- **TASK DETAILS**: With the pictures left out, write out exactly the lines of the listing below that run from the line with "Abgerundet wird das" through the line with "Телеграм-активность нижегородских глав".

- **EXERCISE INPUTS**:
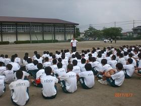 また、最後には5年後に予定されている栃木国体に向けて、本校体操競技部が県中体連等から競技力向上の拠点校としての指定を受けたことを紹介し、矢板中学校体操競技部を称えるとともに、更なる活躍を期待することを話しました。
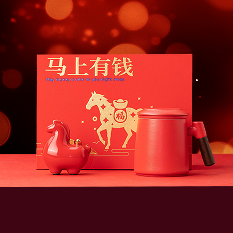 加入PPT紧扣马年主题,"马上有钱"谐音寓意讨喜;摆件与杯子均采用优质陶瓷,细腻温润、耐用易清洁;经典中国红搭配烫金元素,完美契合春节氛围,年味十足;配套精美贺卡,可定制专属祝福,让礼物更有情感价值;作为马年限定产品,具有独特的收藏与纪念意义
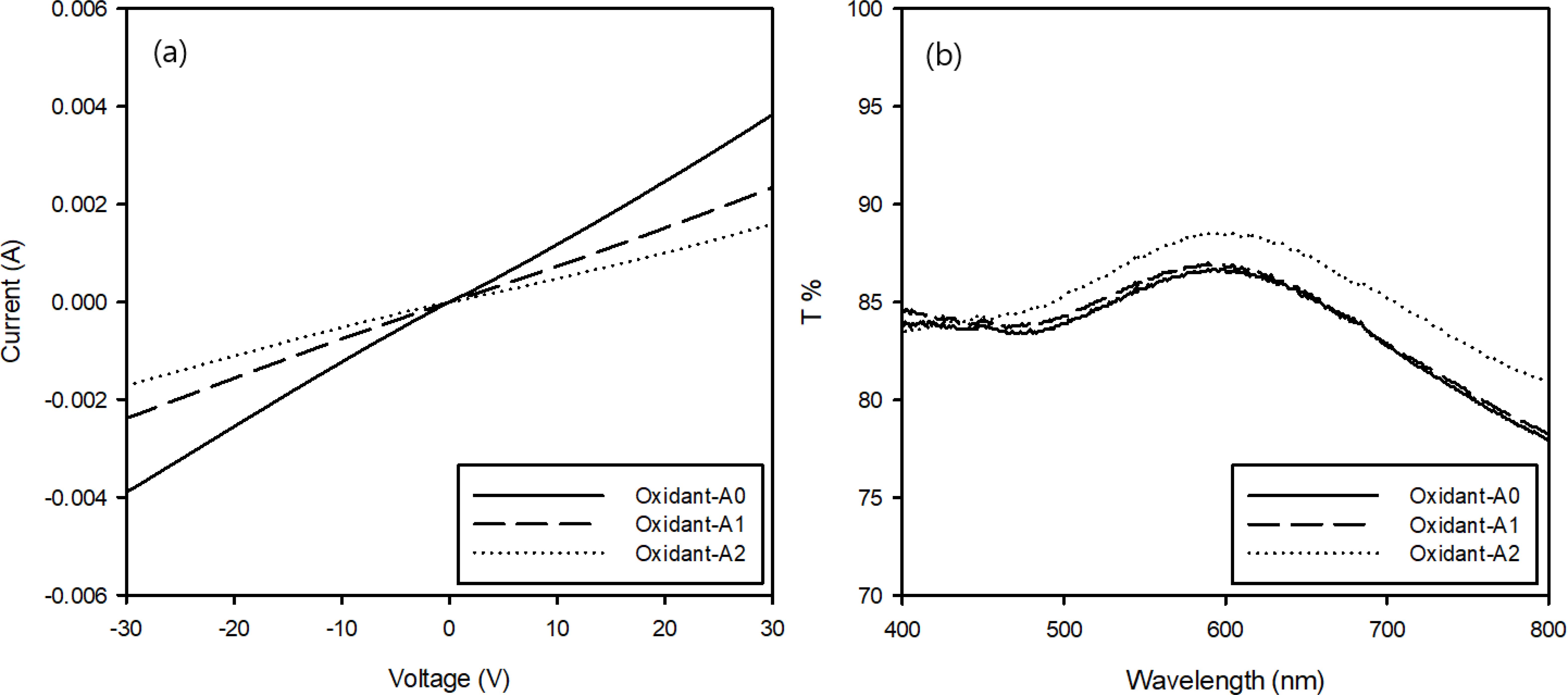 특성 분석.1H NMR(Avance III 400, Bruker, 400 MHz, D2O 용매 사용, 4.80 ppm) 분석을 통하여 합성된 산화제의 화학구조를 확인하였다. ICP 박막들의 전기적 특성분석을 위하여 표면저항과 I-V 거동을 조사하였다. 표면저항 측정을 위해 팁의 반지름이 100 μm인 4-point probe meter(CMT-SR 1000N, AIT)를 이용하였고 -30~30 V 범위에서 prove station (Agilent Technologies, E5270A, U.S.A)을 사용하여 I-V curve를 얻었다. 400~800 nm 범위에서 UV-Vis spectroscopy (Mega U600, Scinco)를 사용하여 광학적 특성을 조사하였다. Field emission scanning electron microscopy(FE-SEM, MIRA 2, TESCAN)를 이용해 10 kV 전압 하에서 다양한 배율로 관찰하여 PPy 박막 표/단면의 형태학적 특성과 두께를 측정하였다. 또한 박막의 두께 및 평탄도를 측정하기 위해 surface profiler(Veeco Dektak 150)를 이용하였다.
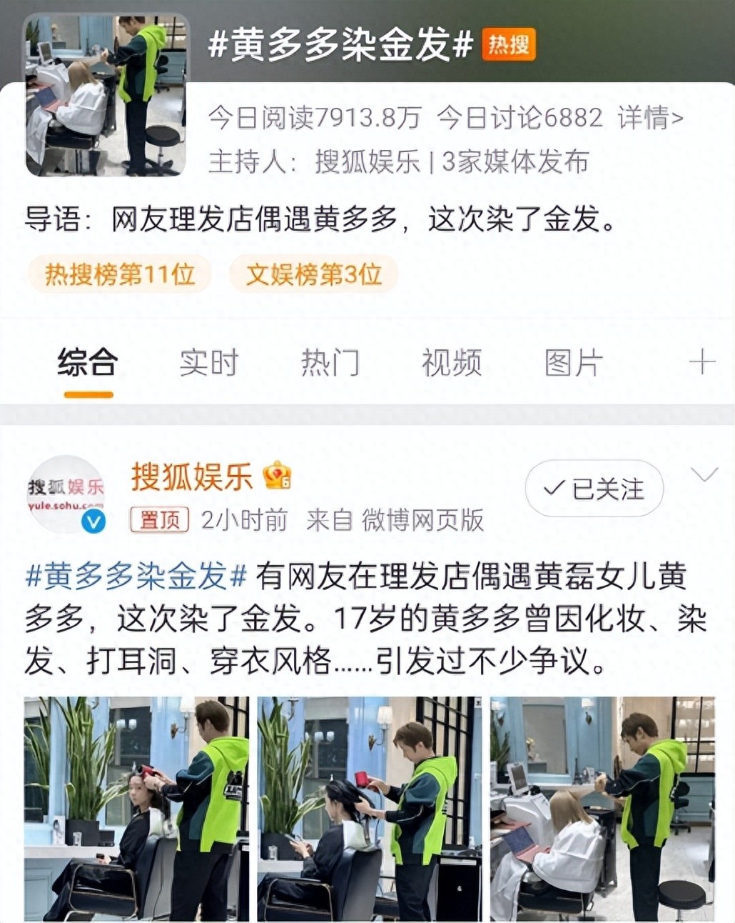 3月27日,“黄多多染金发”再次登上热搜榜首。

---

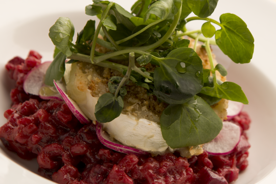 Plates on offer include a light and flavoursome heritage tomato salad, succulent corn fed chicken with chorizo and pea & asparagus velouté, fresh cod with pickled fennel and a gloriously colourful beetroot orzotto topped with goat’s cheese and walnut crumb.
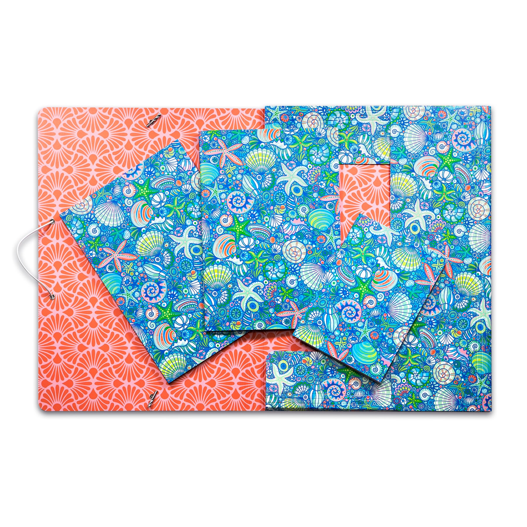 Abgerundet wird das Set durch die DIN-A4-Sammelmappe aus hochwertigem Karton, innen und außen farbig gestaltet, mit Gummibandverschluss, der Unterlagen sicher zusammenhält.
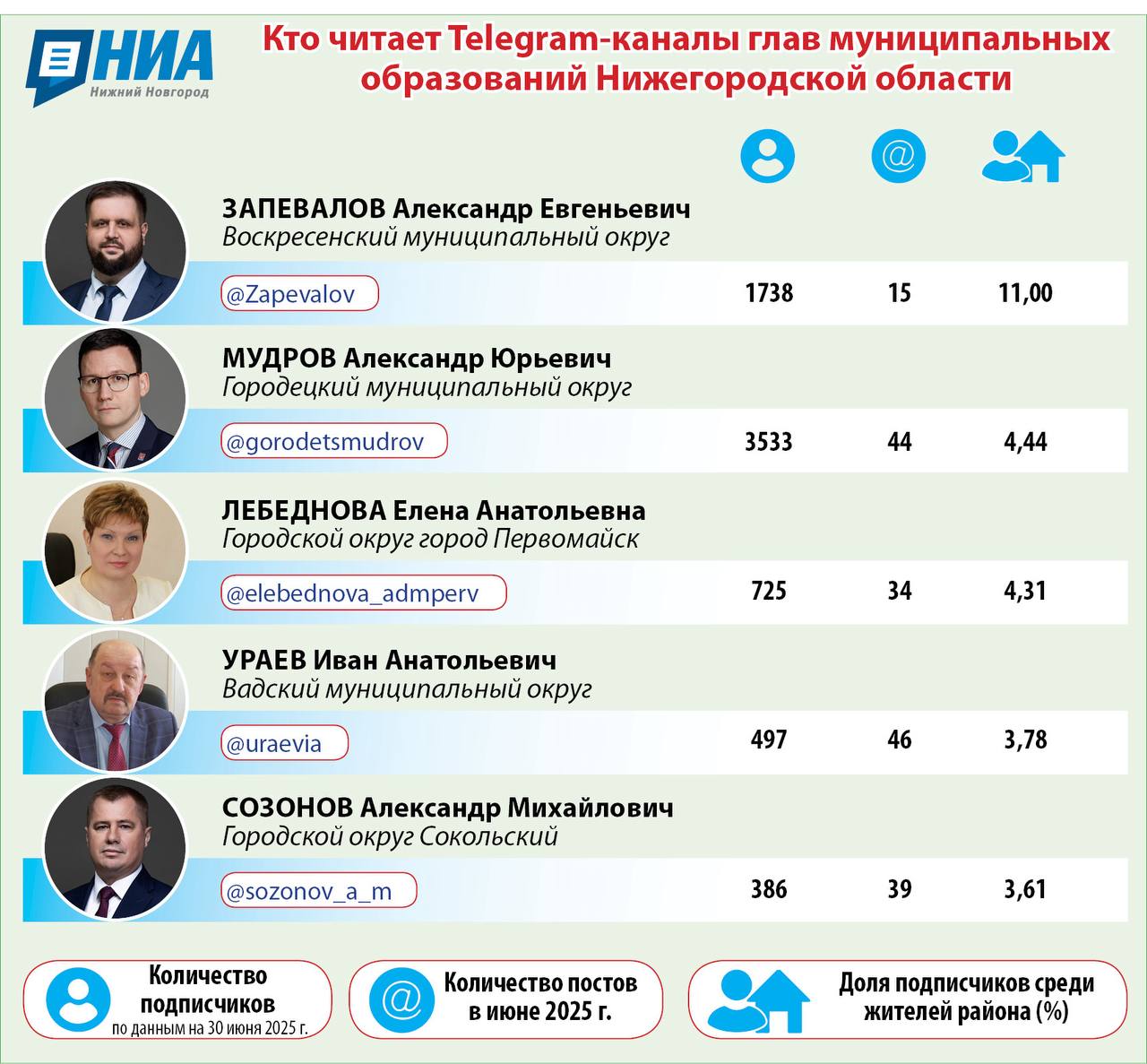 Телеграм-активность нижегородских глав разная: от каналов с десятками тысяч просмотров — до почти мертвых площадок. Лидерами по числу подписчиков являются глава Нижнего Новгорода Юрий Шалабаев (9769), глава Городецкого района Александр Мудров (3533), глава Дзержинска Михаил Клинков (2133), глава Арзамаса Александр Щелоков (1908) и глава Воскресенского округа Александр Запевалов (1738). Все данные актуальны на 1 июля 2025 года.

--

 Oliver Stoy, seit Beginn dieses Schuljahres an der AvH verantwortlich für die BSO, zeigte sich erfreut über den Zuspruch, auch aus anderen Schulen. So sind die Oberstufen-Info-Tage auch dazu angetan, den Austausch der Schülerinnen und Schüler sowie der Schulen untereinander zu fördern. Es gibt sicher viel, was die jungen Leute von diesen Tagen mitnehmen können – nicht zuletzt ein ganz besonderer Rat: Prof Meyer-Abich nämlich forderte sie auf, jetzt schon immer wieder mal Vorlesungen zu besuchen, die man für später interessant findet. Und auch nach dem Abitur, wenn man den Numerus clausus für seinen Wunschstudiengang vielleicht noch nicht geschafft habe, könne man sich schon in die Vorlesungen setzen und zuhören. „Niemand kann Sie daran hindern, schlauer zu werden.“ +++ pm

- **EXERCISE RESPONSE**:
 Abgerundet wird das Set durch die DIN-A4-Sammelmappe aus hochwertigem Karton, innen und außen farbig gestaltet, mit Gummibandverschluss, der Unterlagen sicher zusammenhält.
 Телеграм-активность нижегородских глав разная: от каналов с десятками тысяч просмотров — до почти мертвых площадок. Лидерами по числу подписчиков являются глава Нижнего Новгорода Юрий Шалабаев (9769), глава Городецкого района Александр Мудров (3533), глава Дзержинска Михаил Клинков (2133), глава Арзамаса Александр Щелоков (1908) и глава Воскресенского округа Александр Запевалов (1738). Все данные актуальны на 1 июля 2025 года.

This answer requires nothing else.